What the task asks
From the entries below, write out exactly the lines between the line holding "个月可调整产能 10%-15%,供给弹性 0.8-1.0。因此沪铝在绝大多数时间价格均位于1.8-2.3万的区间范围内。" and the line holding "- ECOGR paylarına", inclusive, excluding any pictures.
======== Raw data
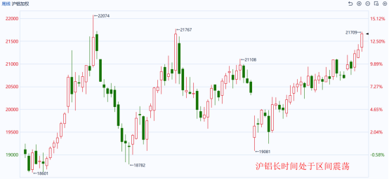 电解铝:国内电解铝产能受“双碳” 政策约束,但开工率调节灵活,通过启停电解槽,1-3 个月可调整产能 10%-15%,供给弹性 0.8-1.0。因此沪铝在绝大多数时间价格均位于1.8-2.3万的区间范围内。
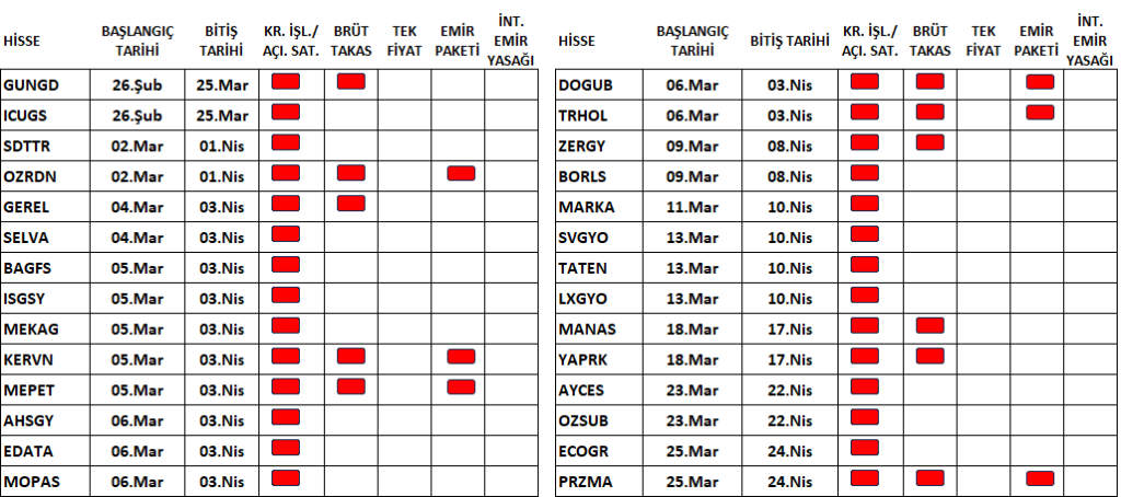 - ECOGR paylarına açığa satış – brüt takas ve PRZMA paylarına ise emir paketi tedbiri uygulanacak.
================
======== Raw data
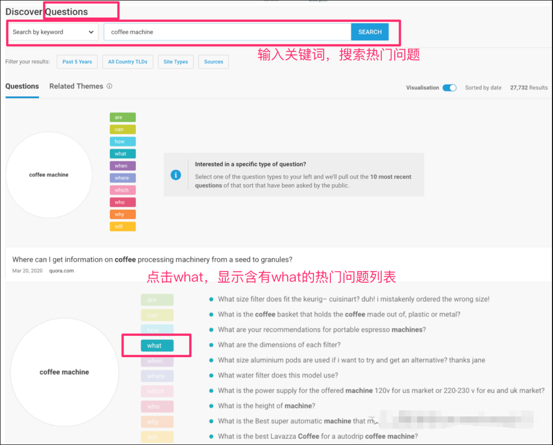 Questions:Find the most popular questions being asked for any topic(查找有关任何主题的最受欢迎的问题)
================
Answer section
 电解铝:国内电解铝产能受“双碳” 政策约束,但开工率调节灵活,通过启停电解槽,1-3 个月可调整产能 10%-15%,供给弹性 0.8-1.0。因此沪铝在绝大多数时间价格均位于1.8-2.3万的区间范围内。
 - ECOGR paylarına açığa satış – brüt takas ve PRZMA paylarına ise emir paketi tedbiri uygulanacak.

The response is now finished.